Blockchain analytics company Global Ledger’s latest investigation shows that the Russian cryptocurrency exchange Garantex, which was sanctioned by the West, is resuming operations and continues to process funds through hidden payment architectures. Despite its servers being previously seized and its business being targeted by the international community, on-chain evidence indicates that the platform has quietly restarted recently and has transferred tens of millions of dollars in assets to users.
The investigation found that researchers tracked multiple new wallets linked to Garantex on the Bitcoin and Ethereum networks, holding a total of over $34 million in cryptocurrency, of which at least $25 million has been paid to former users. The flow of funds also exposes its methods of evading monitoring: Garantex uses mixing tools like Tornado Cash to obfuscate reserves, then jumps across networks via cross-chain bridges on Ethereum, Optimism, Arbitrum, and others, eventually consolidating into an aggregation wallet before transferring out to multiple payment accounts.
Notably, over 88% of Ethereum reserves remain untouched, indicating that current fund disbursements are only in the initial stage.

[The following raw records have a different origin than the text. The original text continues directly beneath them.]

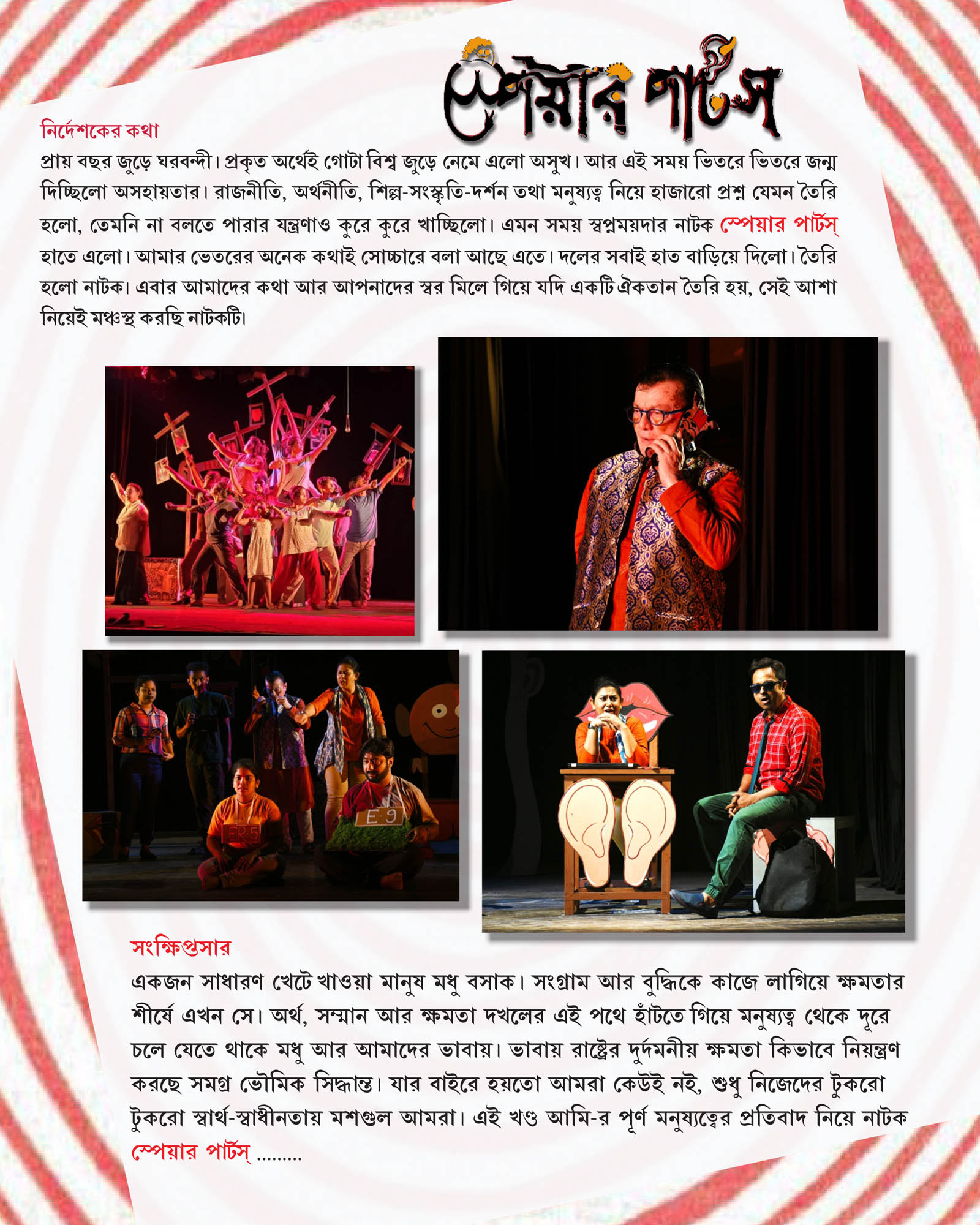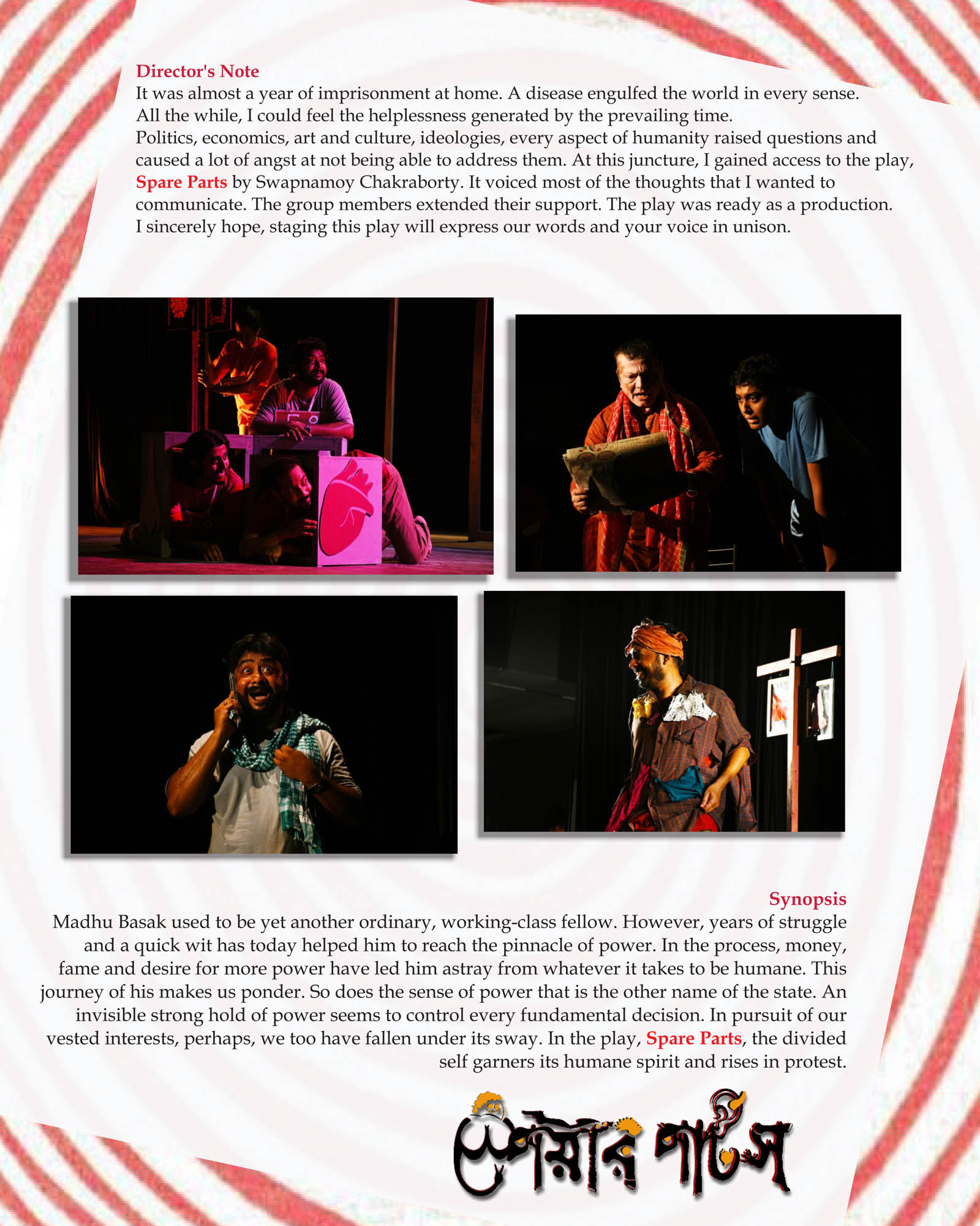 It was almost a year of imprisonment at home. A disease engulfed the world in every sense. All the while, I could feel the helplessness generated by the prevailing time. Politics, economics, art and culture, ideologies, every aspect of humanity raised questions and caused a lot of angst at not being able to address them. At this juncture, I gained access to the play, “Spare Parts” by Swapnamoy Chakraborty. It voiced most of the thoughts that I wanted to communicate. The group members extended their support. The play was ready as a production. I sincerely hope, staging this play will express our words and your voice in unison.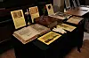 Olav Skjellevik har med seg desse fire kongebiblar til Suldal i kveld. Publikum frå lov å sjå, men ikkje røra. Han fortel at han har med seg ein faksimile-bibel av den eldste kongebibelen frå 1550, og den kan skodelystne få bla i. Foto: Olav Skjellevik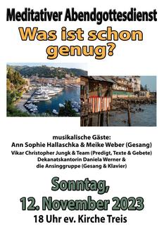 | 18 Uhr | Meditativer Abendgottesdienst zum Thema „Was ist schon genug?“ Pfarrer Christopher Jungk & Team (Predigt & Liturgie), Meike Weber & Ann-Sophie Hallaschka (Gesang), Dekanatskantorin Daniela Werner & Team (Musik & Ton) |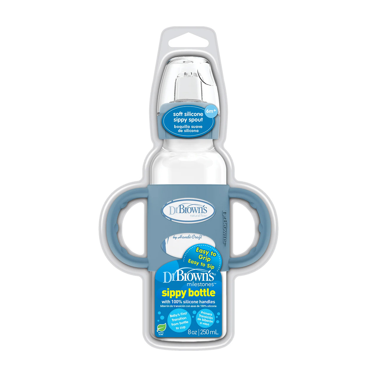 رضّاعة د. براونز المضادة للانسكاب تُعد خيارًا مثاليًا لمساعدة الطفل على الانتقال من الرضاعة إلى الشرب من الكوب. تحتوي على فوهة شرب ناعمة من السيليكون، ومقابض مريحة مصنوعة بالكامل من السيليكون، لتسهيل إمساك الطفل بالرضاعة. كما أن الغطاء يحافظ على نظافة الفوهة أثناء التنقل. يمكن استخدامها مع معظم رضّاعات د. براونز ذات العنق الضيق، وهي آمنة للغسل في غسالة الصحون.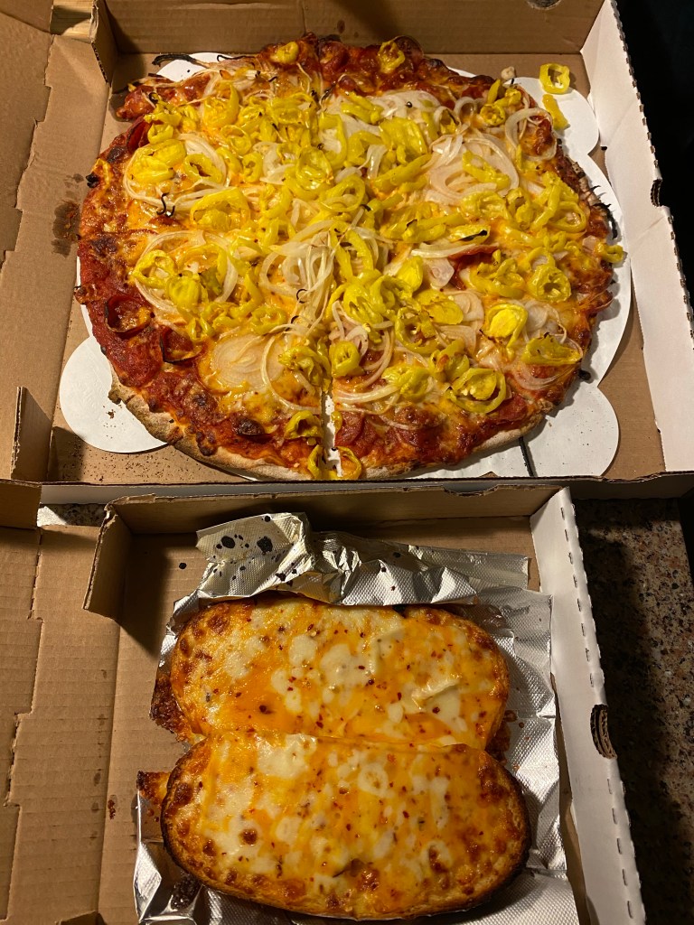 Domino’s delivery – there are quite a few other times we ordered Domino’s that aren’t pictured.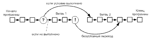 Например, условный переход производится в результате сравнения кода нажатой клавиши с константой (если код клавиши равен 0, перейти к выполнению ветви 2). В случае невыполнения условия программа продолжит последовательное выполнение программы. В конце ветви 1 стоит команда безусловного перехода. Она нужна для того, чтобы программа не начала выполнять ветвь 2 сразу после выполнения ветви 1.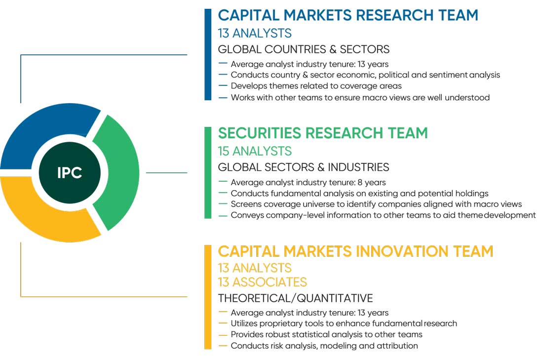 The department is organized into teams with unique responsibilities, including analyzing macroeconomic trends, monitoring every investment sector and major country around the world, evaluating individual securities, calculating performance attribution, and implementing the IPC's portfolio decisions.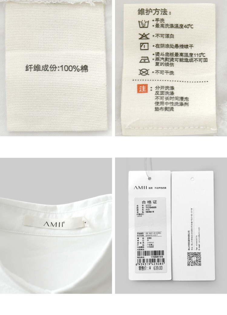 | 洗涤标准: | 不可浸泡悬挂晾干不可干洗110℃以下垫布熨烫不可漂白40℃以下手洗 |
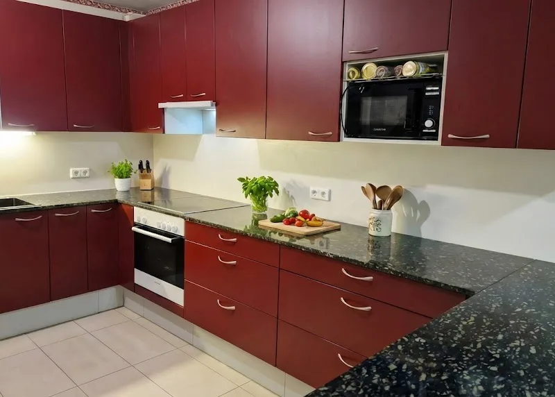 Unsere Kirsch-Schwarz Granit-Küchenarbeitsplatte verschmilzt zeitlose Eleganz mit auffälligen Highlights. Die tiefe schwarze Grundfarbe wird durch subtile, rote Akzente betont, was einen modernen und lebendigen Kontrast schafft. Diese Arbeitsplatte kombiniert kraftvolle Ästhetik mit Robustheit und verleiht Ihrer Küche einen unverwechselbaren und zeitgemäßen Charakter.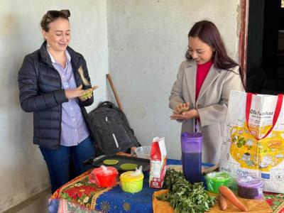 La jornada permitió a los participantes experimentar técnicas para integrar estos ingredientes en los alimentos cotidianos, creando opciones atractivas y saludables para los niños de la comunidad. Más allá de la cocina, la actividad fortaleció la educación alimentaria, promoviendo dietas balanceadas con recursos locales y fomentando la innovación en la preparación de comidas tradicionales.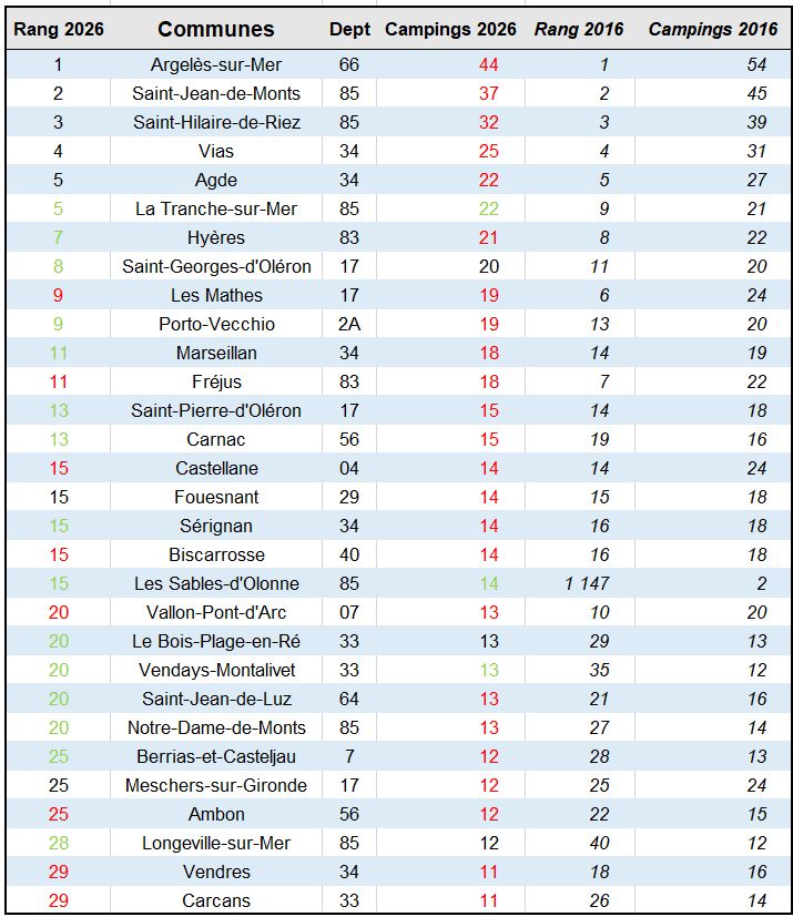 Ces trente communes ne regroupent que 532 campings, soit seulement 7 % du parc total français (proportion comparable en 2016). En 2016, le Top 30 en regroupait 92 de plus (624). Cette diminution reflète d’ailleurs celle du parc global. Près de 1 100 campings ont disparu en l’espace de dix ans. On en dénombrait 8 459. On en dénombre aujourd’hui 7 370.

The investigation also shows that the exchange’s operational model appears to have adapted to the digital asset financial system gradually established in Russia over the past two years.
Since 2024, Russia’s attitude toward cryptocurrencies has undergone a significant shift. The central bank, originally opposed to digital assets, now incorporates them as trade tools and is promoting the development of the national payment network A7. In 2025, A7 launched a stablecoin called A7A5 backed by the ruble, used to bypass banking restrictions and assist Russian companies in converting rubles into USDT for cross-border trade payments. On-chain data shows that the trading volume of A7A5 has exceeded $87 billion.
Garantex’s renewed activity further indicates that Russia is building an alternative payment system through multi-layered crypto structures to evade sanctions and sustain international trade flows. Global Ledger points out that this evidence reflects a broader trend: more and more countries are developing new cryptocurrency-based payment channels to weaken the impact of traditional sanctions and financial blockades.